- Task goal
Entries below include pictures. Output exactly the lines from the one with "This mega swim" down to the one with "近年來,女性在葡萄酒消費者中", both ends included, and leave the pictures out.
*** Opening of Listed entries ***
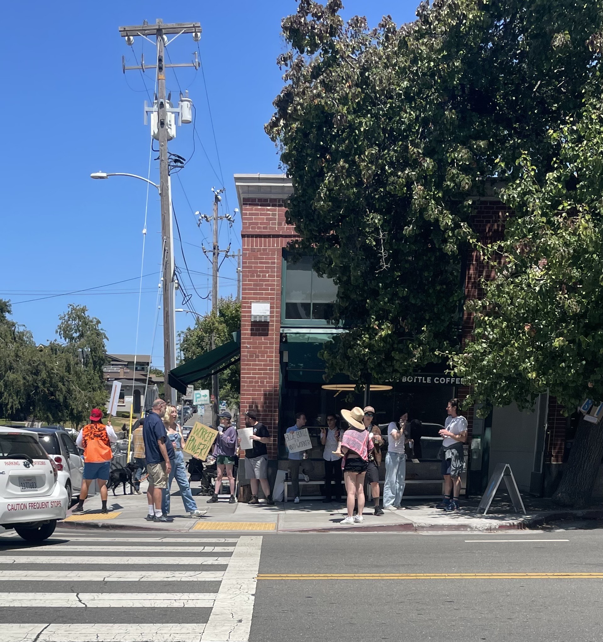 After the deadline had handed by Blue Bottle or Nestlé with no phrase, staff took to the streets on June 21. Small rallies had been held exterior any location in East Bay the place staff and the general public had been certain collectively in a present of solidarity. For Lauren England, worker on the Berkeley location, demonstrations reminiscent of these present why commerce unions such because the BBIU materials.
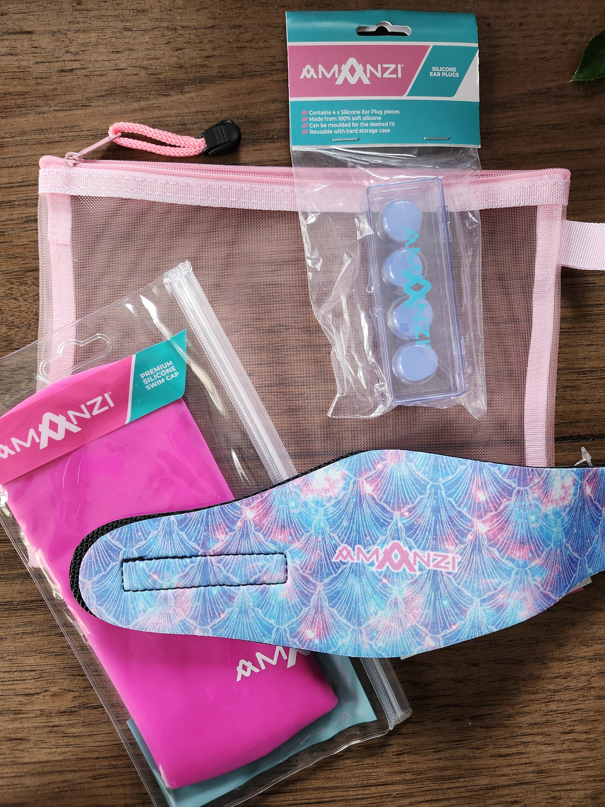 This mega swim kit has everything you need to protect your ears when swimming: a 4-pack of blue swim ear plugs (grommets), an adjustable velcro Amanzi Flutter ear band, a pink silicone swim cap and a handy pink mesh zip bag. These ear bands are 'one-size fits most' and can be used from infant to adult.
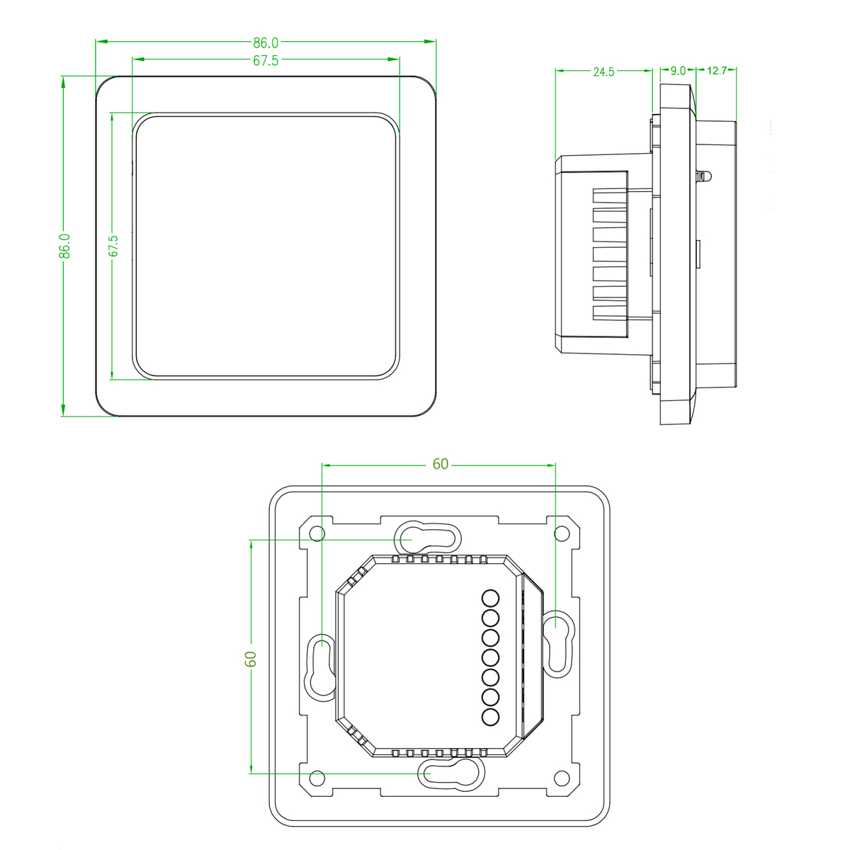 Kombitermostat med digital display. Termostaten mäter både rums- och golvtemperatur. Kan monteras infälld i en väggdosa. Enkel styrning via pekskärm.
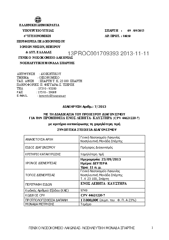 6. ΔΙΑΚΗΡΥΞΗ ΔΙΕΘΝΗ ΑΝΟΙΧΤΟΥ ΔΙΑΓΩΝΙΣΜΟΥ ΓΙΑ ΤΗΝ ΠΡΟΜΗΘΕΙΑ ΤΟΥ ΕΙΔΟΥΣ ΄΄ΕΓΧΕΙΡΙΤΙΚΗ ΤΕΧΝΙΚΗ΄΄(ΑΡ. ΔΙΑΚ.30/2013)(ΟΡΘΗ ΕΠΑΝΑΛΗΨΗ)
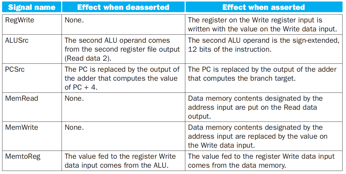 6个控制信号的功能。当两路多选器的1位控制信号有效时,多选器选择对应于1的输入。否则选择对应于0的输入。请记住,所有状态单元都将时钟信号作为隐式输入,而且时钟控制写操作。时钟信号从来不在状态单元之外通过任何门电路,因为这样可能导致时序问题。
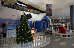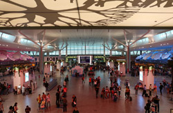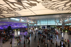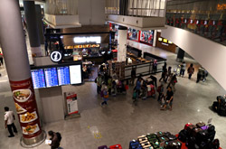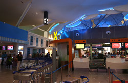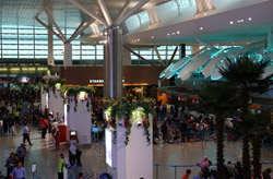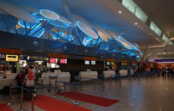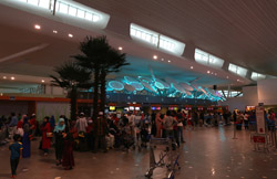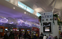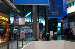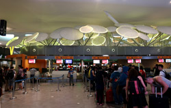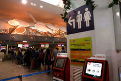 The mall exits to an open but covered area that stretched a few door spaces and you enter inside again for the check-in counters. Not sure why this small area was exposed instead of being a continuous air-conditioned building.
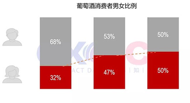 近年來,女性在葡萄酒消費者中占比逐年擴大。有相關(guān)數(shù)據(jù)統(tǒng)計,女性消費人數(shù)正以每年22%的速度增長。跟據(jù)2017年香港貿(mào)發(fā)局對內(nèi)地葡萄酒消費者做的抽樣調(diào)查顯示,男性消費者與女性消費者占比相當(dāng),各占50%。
*** Close of Listed entries ***
*** Opening of Listed entries ***
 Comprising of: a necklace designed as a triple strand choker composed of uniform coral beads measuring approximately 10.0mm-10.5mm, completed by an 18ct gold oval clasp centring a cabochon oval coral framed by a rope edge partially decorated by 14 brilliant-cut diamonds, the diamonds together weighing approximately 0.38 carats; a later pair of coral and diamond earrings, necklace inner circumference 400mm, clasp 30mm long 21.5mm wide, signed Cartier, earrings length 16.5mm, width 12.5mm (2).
*** Close of Listed entries ***
- Task answer
 This mega swim kit has everything you need to protect your ears when swimming: a 4-pack of blue swim ear plugs (grommets), an adjustable velcro Amanzi Flutter ear band, a pink silicone swim cap and a handy pink mesh zip bag. These ear bands are 'one-size fits most' and can be used from infant to adult.
 Kombitermostat med digital display. Termostaten mäter både rums- och golvtemperatur. Kan monteras infälld i en väggdosa. Enkel styrning via pekskärm.
 6. ΔΙΑΚΗΡΥΞΗ ΔΙΕΘΝΗ ΑΝΟΙΧΤΟΥ ΔΙΑΓΩΝΙΣΜΟΥ ΓΙΑ ΤΗΝ ΠΡΟΜΗΘΕΙΑ ΤΟΥ ΕΙΔΟΥΣ ΄΄ΕΓΧΕΙΡΙΤΙΚΗ ΤΕΧΝΙΚΗ΄΄(ΑΡ. ΔΙΑΚ.30/2013)(ΟΡΘΗ ΕΠΑΝΑΛΗΨΗ)
 6个控制信号的功能。当两路多选器的1位控制信号有效时,多选器选择对应于1的输入。否则选择对应于0的输入。请记住,所有状态单元都将时钟信号作为隐式输入,而且时钟控制写操作。时钟信号从来不在状态单元之外通过任何门电路,因为这样可能导致时序问题。
 The mall exits to an open but covered area that stretched a few door spaces and you enter inside again for the check-in counters. Not sure why this small area was exposed instead of being a continuous air-conditioned building.
 近年來,女性在葡萄酒消費者中占比逐年擴大。有相關(guān)數(shù)據(jù)統(tǒng)計,女性消費人數(shù)正以每年22%的速度增長。跟據(jù)2017年香港貿(mào)發(fā)局對內(nèi)地葡萄酒消費者做的抽樣調(diào)查顯示,男性消費者與女性消費者占比相當(dāng),各占50%。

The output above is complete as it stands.